The woman, later identified as a court system employee, retreated after a court officer told her to return to her seat. A short time later, officers escorted her out and arrested her on a contempt charge for disrupting a court proceeding, court spokesperson Lucian Chalfen said.
Chalfen said the woman had been yelling out to Trump that she wanted to help him, though reporters in the courtroom did not hear her raise her voice. She was later heard screaming in the courthouse lobby as officers removed her from the building.
Outside the courtroom, the woman was seen on an NBC camera telling court officers: “You’re scaring me, and I have a right to be here. I’m an American citizen, and I’m also a court employee. I’m also just here to support Donald Trump.”
She went on to say that she had been “peacefully watching this proceeding” and had complied when a court officer told her not to cause “any more problems.”
Chalfen said the woman, whose name wasn't released, has been placed on administrative leave and barred from entering state courts while authorities investigate.
The trial went on, albeit with one other unusual moment — this one after Trump threw up his hands in apparent frustration and conferred animatedly with his lawyers while real estate appraiser Doug Larson testified about his interactions with a Trump company executive.

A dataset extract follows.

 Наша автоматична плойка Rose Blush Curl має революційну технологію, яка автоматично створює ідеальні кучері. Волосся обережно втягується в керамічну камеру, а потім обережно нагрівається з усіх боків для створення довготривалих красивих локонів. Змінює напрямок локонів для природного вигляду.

State lawyer Kevin Wallace asked Judge Arthur Engoron to ask the defense to “stop commenting during the witness’ testimony,” adding that the “exhortations” were audible on the witness’ side of the room. The judge then asked everyone to keep their voices down, “particularly if it’s meant to influence the testimony.”
The case, brought by New York Attorney General Letitia James, accuses Trump and his company of duping banks and insurers by giving them heavily inflated statements of Trump's net worth and asset values. Engoron has already ruled that Trump and his company committed fraud, but the trial involves remaining claims of conspiracy, insurance fraud and falsifying business records.

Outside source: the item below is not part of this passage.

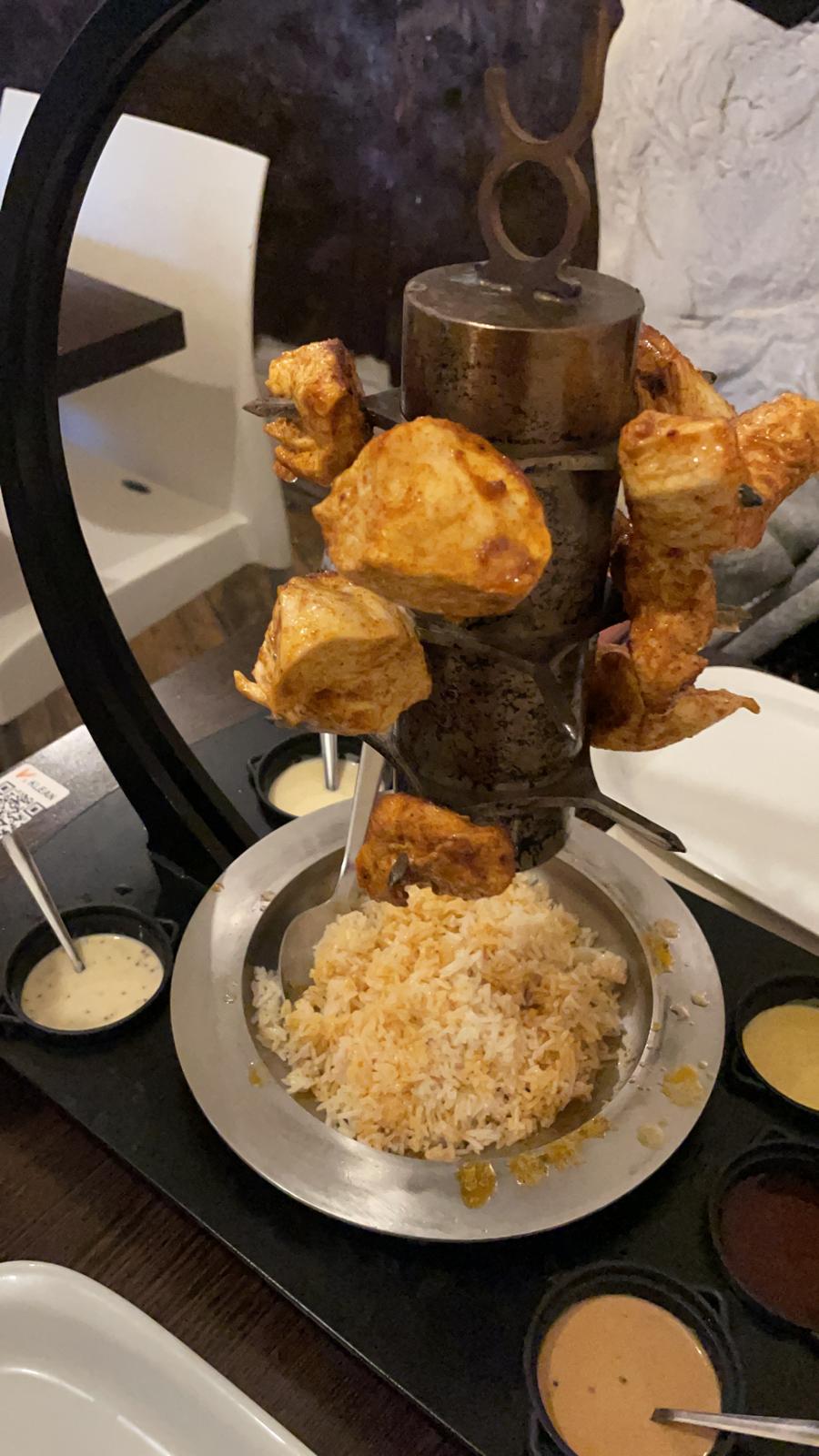 Réservation pour trois personnes. A notre arrivée nous avons demandé la possibilité de prendre deux viandes poulet et bœuf sur la même potence ce qui nous a été refusé. Nous avons donc décidé de prendre deux potences pour trois. A l arrivée de celles-ci il n y avait que quatre pics present sur la potence,sur lesquels était plantés le poulet, les autres étant cassés, le reste du poulet était dans le saladier de riz en dessous. Interpellant le serveur, celui-ci me dit ne pas être choqué par cette pratique. Qu en est il lorsqu'on commande une brochette.... ce qui confirme que la viande n est pas cuite sur la potence et qu il aurait pu faire l effort de nous la proposer en saladier comme cela a été le cas.

James maintains that Trump's financial statements were key to securing deals and loans, and witnesses and evidence presented at trial have indicated that the documents were a factor.

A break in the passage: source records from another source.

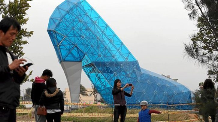 Badira eliza moderno askoak munduan, baita arras arraroak ere. Baina Taiwanen hego-mendebaldeko Chiayi hirian eraiki duten takoidun zapata itxurako honek ondo irabazia dauka elizarik moderno eta arraroenen zerrendako lehen postuetako bat. “Daily Mail” egunkariari eginiko adierazpenetan, «emakumea elizara gerturatzea» duela helburu azaldu dute eskualdeko arduradun publikoek. 17 metro garai eta 10 zabal ditu eliza urdin honek, eta 320 beira pieza baliatu dituzte eraikitzeko. Otsailaren 8an irekitzekotan dira.AFP PHOTO
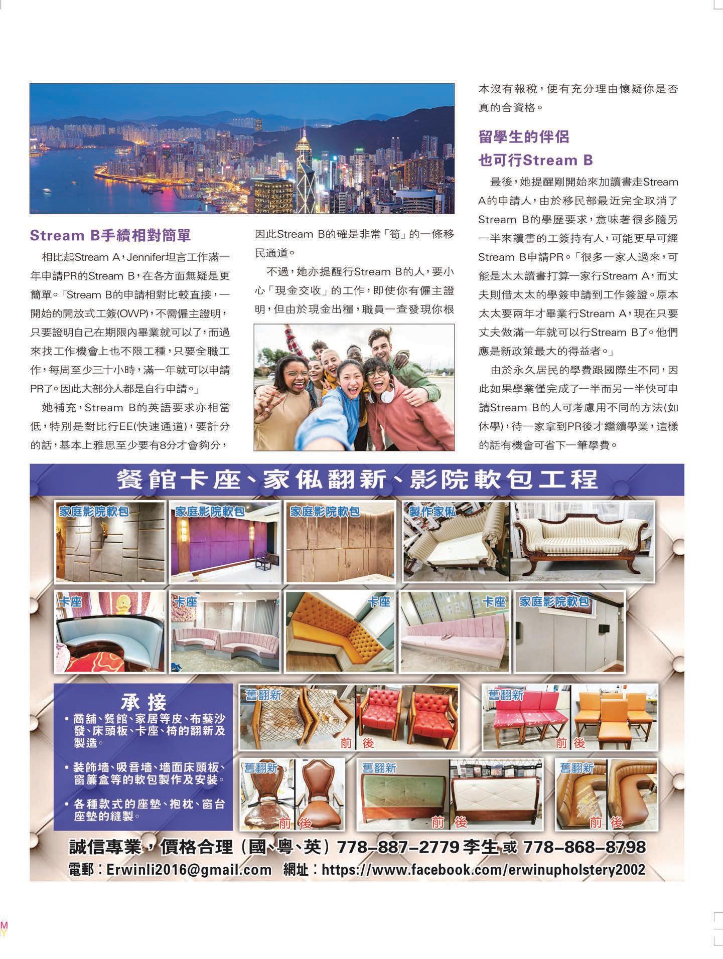她補充,很多人在找工作時都很有挫 敗感,特別是Stream B的艇仔,「有很 多原本在香港已很成功,或者是擁有很 高學歷,而來加後突然有一種不知道應 從哪兒入手的感覺。」
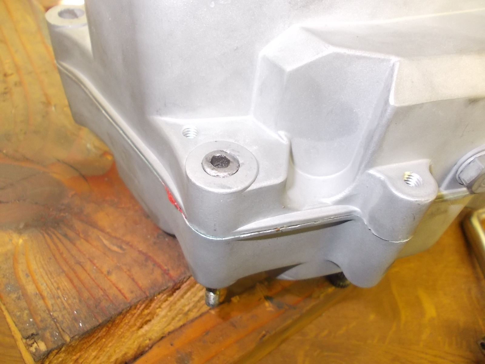 Ich fang mal an mit dem Ausbauen der drei Buchsen in den Motorengehäusen. Ohne die auszubauen, bekommt man ja die Hälften nicht geteilt. Ich benutzte dafür einfach lange M6 Inbusschrauben. Der Kopf passt ganz exakt auf die Buchse.
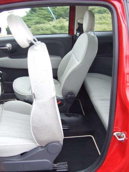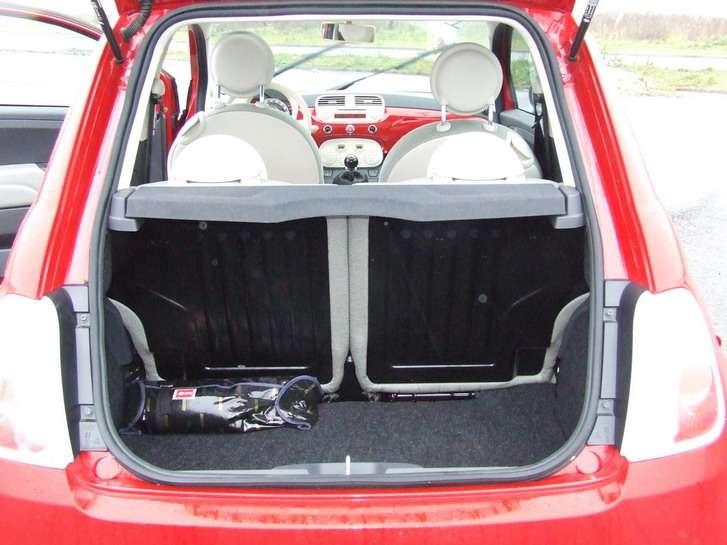 Jak podróżuje się 500-ką? Wygodnie, przynajmniej z przodu – w porównaniu z Mini Cooperem, wręcz komfortowo. Osoby o średniej budowie ciała mają dużo miejsca z przodu, z wyjątkiem przestrzeni dla prawej nogi kierowcy na wysokości kolana, którym uderza się o obudowę wokół dźwigni zmiany biegów. Trochę gorzej jest w drugim rzędzie, gdzie jednak bez problemu zmieszczą się dwie osoby średniego wzrostu, a nawet nieco wyższe. Bagażnik nie należy do dużych (185 l), ale na weekendowe wycieczki będzie wystarczający.
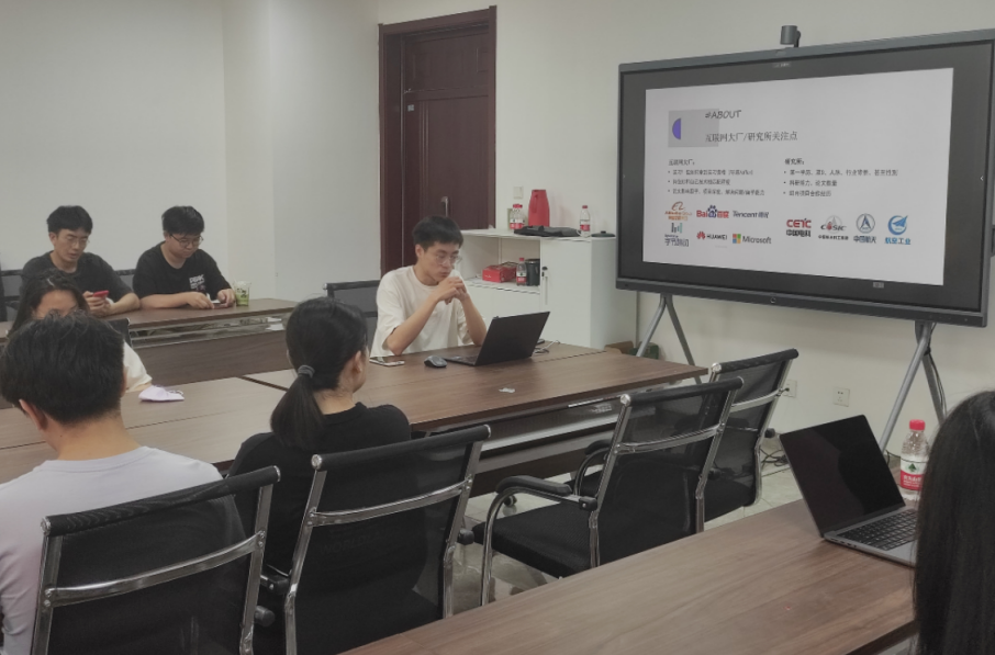 紧接着,2021级硕士研究生任俊杰讲述了他的科研经历和求职技巧。任俊杰首先从自身的科研经历出发,和现场同学们分享了如何提升科研能力、以及自己在科研途中摸索出的3点经验,如:任务梳理、多任务并行;时间管理、高效学习;知识归档、条理清晰。同时,重点分享了求职经验及方法技巧,按照招聘黄金期时间顺序,将每个月可以做何准备、如何自我定位、如何确定适合自己的岗位、招聘信息如何获取、简历如何制作、笔试面试如何准备等多个方面进行详细地分享,现场同学们对此非常感兴趣。
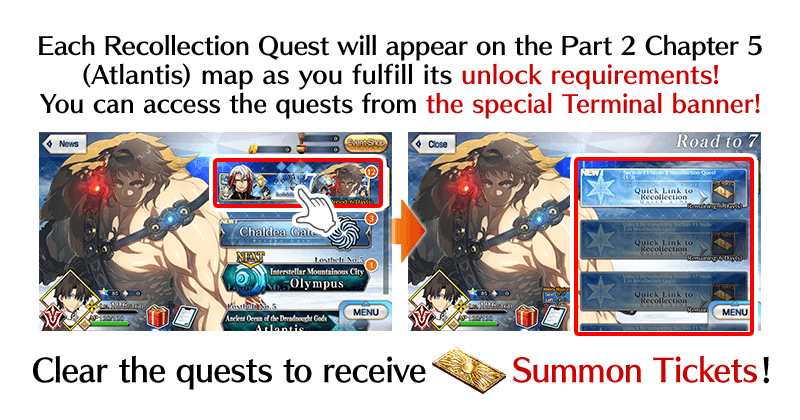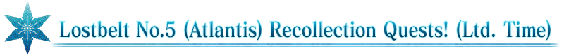 For those that have already cleared Part 2 Chapter 5 "Lostbelt No.5: Ancient Ocean of the Dreadnought Gods, Atlantis - The Day to Bring Down Gods", this campaign will also include Recollection Quests, where you can re-experience some of the most memorable quests of Part 2 Chapter 5 (Atlantis), and Ultra High Difficulty Super Recollection Quests for Masters who want to test their mettle!
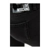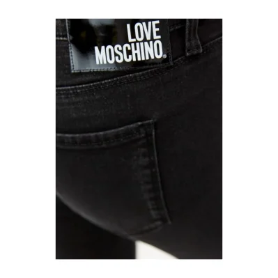 Step into the chic embodiment of contemporary elegance with Love Moschino’s black stretch jeans. Crafted for the fashion-forward, these jeans boast a slimline silhouette that hugs the leg, complemented by a medium-high waist for an impeccable fit. The subtle play of shades with a lighter contrast turn-up at the bottom adds a touch of sophistication. Completed with a glossy black patent leather label featuring the iconic Love Moschino logo in contrasting white.
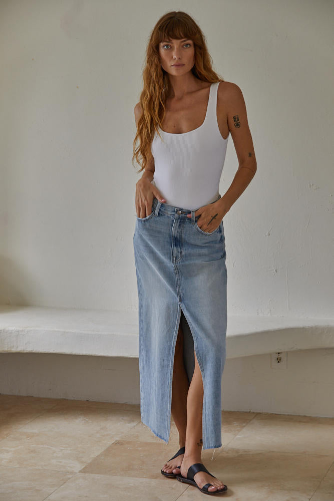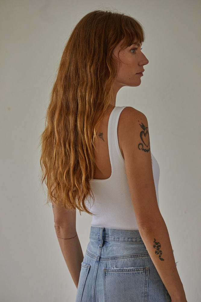 This bodysuit features a seamless, ribbed double-layer design with a square neckline and convenient snap closure at the bottom.

For example, a 2015 offer to refinance a Trump-owned Wall Street building came with terms that included “delivery of financial statements (including tax returns)” from Trump, according to a document shown in court Wednesday.
While the deal was in the works, the Trump Organization sent prospective lender Ladder Capital paper copies of Trump's financial statements and personal tax returns, Ladder executive Jack Weisselberg testified, adding that a Trump executive messaged him about when to expect the documents.
“I think they were concerned about confidentiality, and they wanted to make sure it was going directly into my hands,” said Weisselberg, who's the son of former longtime Trump Organization finance chief Allen Weisselberg.
Trump denies all James' allegations. He says his assets were actually worth far more than claimed on his statements, which came with disclaimers that he portrays as telling people to vet the numbers themselves.
Engoron will decide the case, not a jury, because state law doesn’t allow one in this type of lawsuit.
With Trump voluntarily attending the trial for a second straight day — his fifth overall — his lawyers strove to undercut the state’s claims that his top corporate deputies played games to inflate the values of his properties and pad his bottom line.
In a series of questions, Trump lawyer Lazaro Fields sought to establish that Larson had, at one point, undershot the projected 2015 value of the Wall Street office building by $114 million. Larson said the “values were not wrong — it’s what we knew at the time.”
Trump threw up his hands during the exchange.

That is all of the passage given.